Avrupa Yakası tam anlamıyla bağımlılık yaratan ve izlenme rekorları kıran bir dizi. Yeni sezonda değişen kadro, hayal kırıklığı yaşatacak diye düşünürken, gelen yeniler, eskileri hiç aratmadı. Aratmak şöyle dursun, çoktan unutturdu bile. Kadroya yeni eklenen isimlerden biri de Şesu karakterinin yerini alan Tanrıverdi, yani Sarp Apak. Yeni çaycımız, Diyarbakır'ın bağrından kopup gelen prensip düşkünü bir rockçı. Şimdilerde reklamlarda da oynayan Apak, Cosmogirl dergisine konuştu...
* Tanrıverdi şivesi ta- mamen rol değil mi? Evet... 1981 yılında Diyarbakır'da doğdum. Babamın işi nedeniyle beş yaşıma kadar buradaydım. Sonra da Bursa'ya yerleştik. Şiveyi de orada kapmışım. * Peki oyunculuğa nasıl merak saldınız? Oyunculuk sevdası olan biri değildim. Sadece eğlenceli, konuşmayı seven birisiydim. Annemle teyzem "Bu çocuk tiyatrocu olsa ne güzel olur?" diye konuşup, bana yetenek sınavı broşürü almışlar. Halbuki ben normal üniversite okuma planı yapıyordum. Hatta Mustafa Kemal Üniversitesi İşletme Bölümü'nü kazandım. Hatay'a gidecektim.

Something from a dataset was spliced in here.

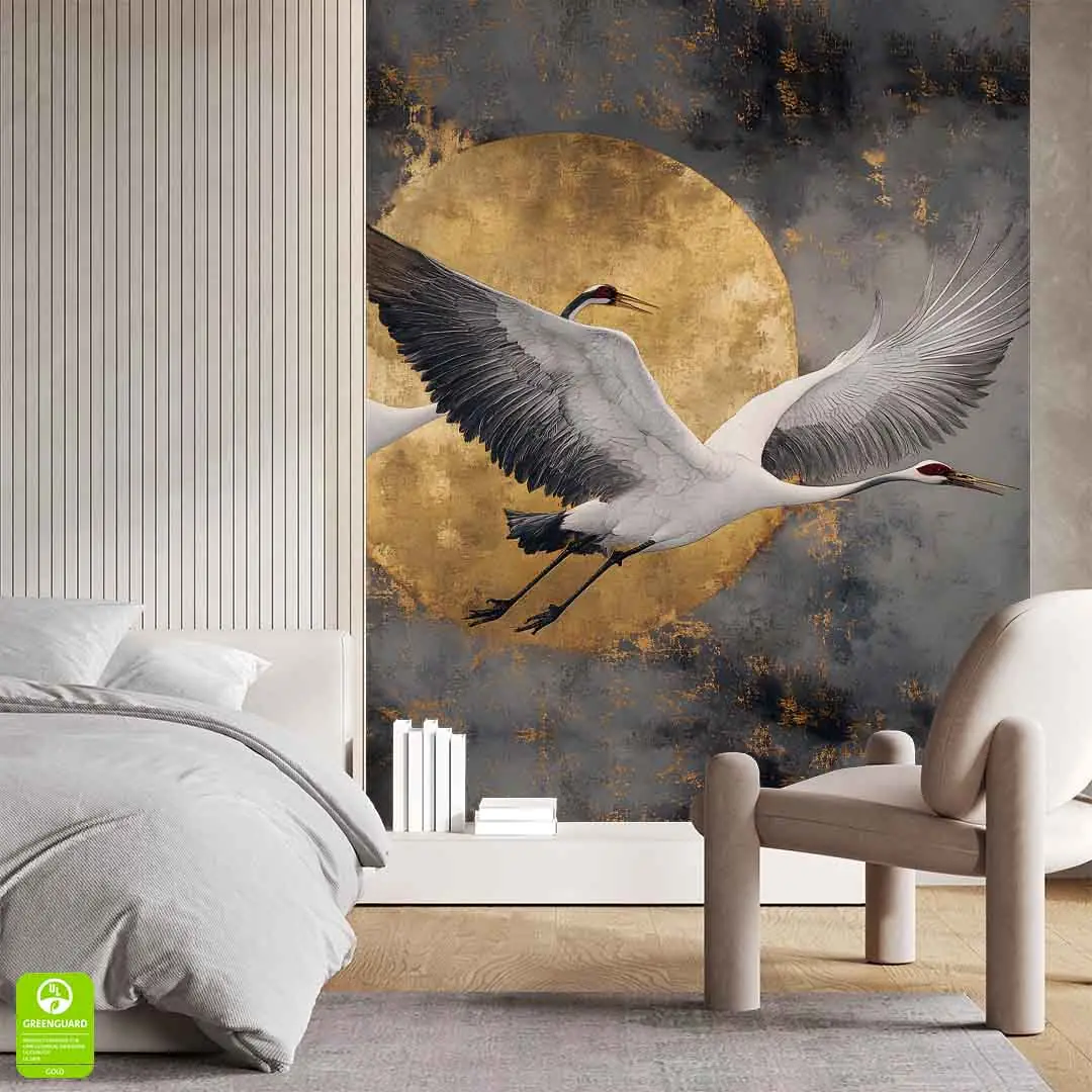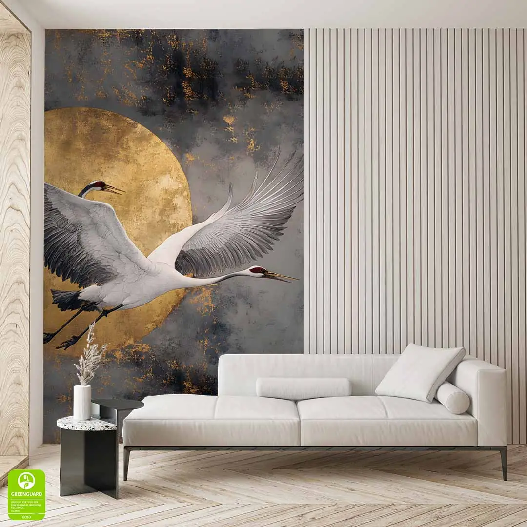 Fototapeta na wymiar żurawie lecące na tle złotego księżyca – elegancka tapeta ścienna do salonu, sypialni

* Ani olmuş. Bir anda bu olaya ayak uy- durabildiniz mi? Okula girdiğimde çok rahattım. İkinci sene profesyonel bir hayata geçiş yaptım ve mesleğimin artık oyunculuk olacağını sindirmeye başladım. Bu ülkede bu işi yaparken kafanızda fazlasıyla soru işaretleri oluyor. Ama ben şuna karar verdim; "Aklını kullanan oyuncu aç kalmaz." Sağlığınız el verirse, oyunculuk 60-65 yaşına kadar yapılabilen bir meslek. Her yaşın ayrı güzelliği var. Ben şu anda 25 yaşımdayım. Önümde 40 sene gibi bir zaman var.

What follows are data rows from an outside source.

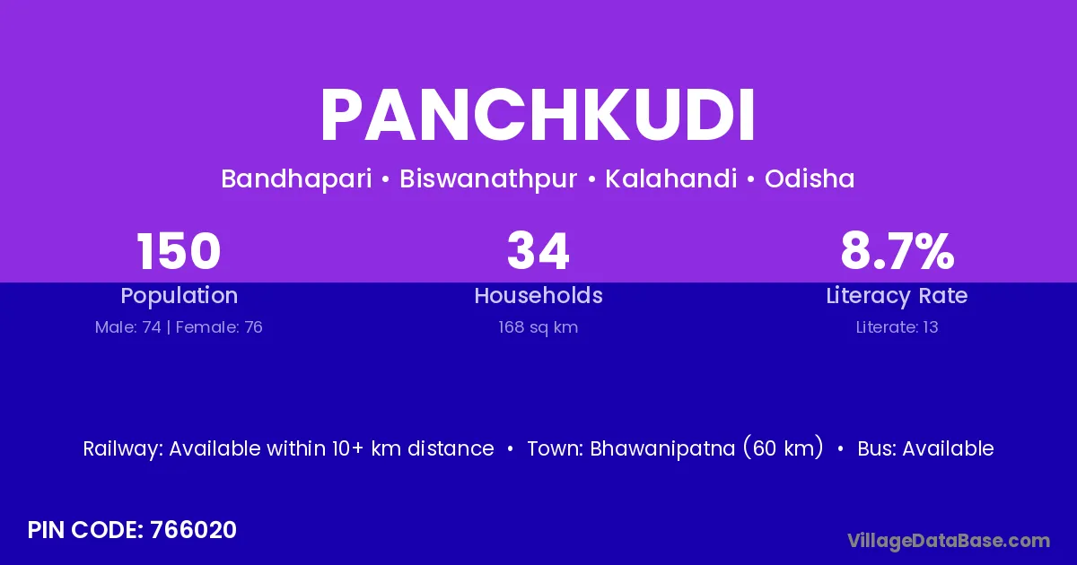 Bhawanipatna (60 km) is the nearest town to Panchkudi village for major economic activities and is located approximately 60 km away.
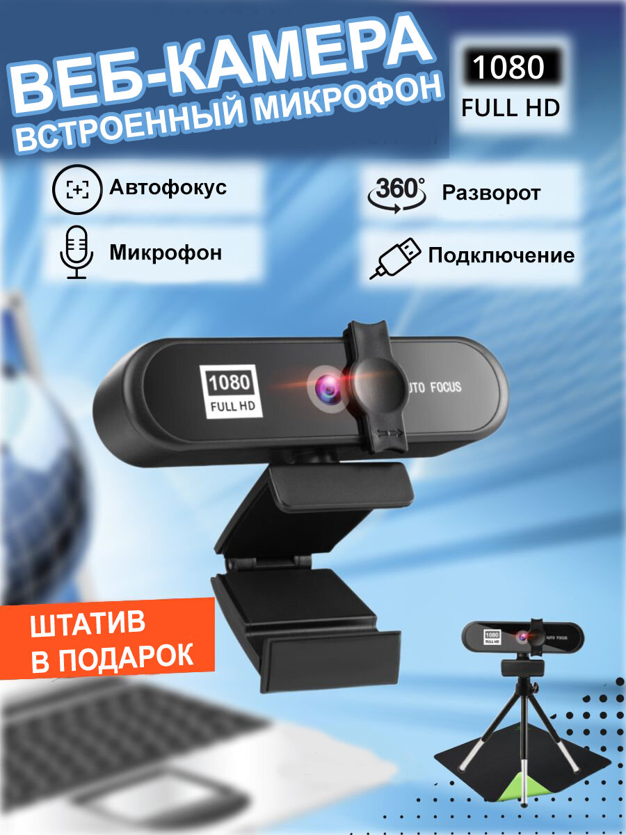 Веб камера с микрофоном и штативом для компьютера ноутбука 1080P информация:
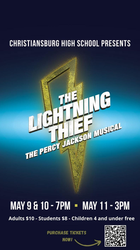 Christiansburg High School Choral Department presents "The Lightning Thief: The Percy Jackson Musical" with three performances starting on Friday, May 9, 2025 through Sunday, May 11, 2025 inside Christiansburg High School Auditorium.

* Televizyon projesine niçin bu kadar erken girdiniz? Okulu bitireli üç sene oldu. Uzun süreli projelere sıcak bakmıyordum. Ama Avrupa Yakası olduğu için o görüşmeye gittim. Kafalarındaki kişiye en çok uyan ben olmuşum. Hemen ertesi gün aradılar ve sözleşmeyi imzaladım.
* Dizi çok zamanınızı alıyor mu? Üç günde bir bölüm bitiriliyor. Rolüm gereği maksimum çekimler iki günümü alıyor. Çok pratik bir ekipte olmanın avantajları bu. Haftanın diğer günlerinde de tiyatroya devam edebiliyorum. Şimdi Gazanfer Özcan Tiyatrosu'nda 'Öp Babanın Elini' isimli oyunumuz başlıyor. * Tanrıverdi, Şesu ile karşılaştırıl- dı mı? Bu konuda kaygılarınız oldu mu? Hiç öyle kaygım olmadı. Sağlam, matematiği olan ipler var. İlk başta şivemi eleştirdiler. Hatta 'Seslendirmeyi o mu yapıyor?' dediler. Tipi, kişiliği, görünüşü değişti çaycının ve kabullenildi. Geçen seneden daha iyi reyting alıyoruz.
* Bu hızlı yükselişle birlikte hayatınızda neler değişti? Bu yeniliklere karşı nasıl önlem aldınız? Öncelikle ayakları yere sağlam basan bir kişi olmaya çalışıyorum. İstanbul'a geldiğimden beri dikkat ettiğim kadarıyla kişisel ilişkiler ve özel hayat kariyerini belirliyor. Bu noktada dikkat etmem gerekiyor. Benim zaten kemikleşmiş bir arkadaş grubum var. Benden yaşça büyük kişilere saygı gösteriyorum. Seçici olma şansının elimde olmasını istiyorum. Bunun için de çaba gerekiyor.
* Peki ya kız arkadaş? Beş yıllık bir ilişkim var. Bu karşılıklı güvenle alakalı. Her şey benim kontrolümde ve benim sorumluluğumda. Kız arkadaşım bu sektörün dışında ve her şeyi şaşkınlıkla izliyor. Çok dikkatli olmam lazım. Onu küçük düşürecek bir hareket asla yapmamalıyım. * Tanrıverdi sağlam bir Anadolu Rockçı. Sizde de rock müzik bağımlılığı var mı? Kardeşim iyi gitar çalar. Ben onun sayesinde metal ve rock müziği sevdim. Duman hayranıyım. Yüksek Sadakat'in son albümünü çok beğendim. Emre Aydın'ın 'Afilli Yalnızlık' şarkısına hasta oluyorum. Genelde Türkçe dinliyorum. Süper bir İngilizcem yok. Sözlerini anlamadığımda da bir anlamı kalmıyor.
* İlerisi için hayalleriniz nedir? Şartlar uygun olursa maddi ve manevi olgunluğa eriştiğimde değer verdiğim tiyatrocu arkadaşlarla bir tiyatro açmayı istiyorum. Bu bir hayal ama... Gerçekleşmesi için bana şu anda bir fırsat verildi. Ve bunu en iyi şekilde kullanmam gerekiyor.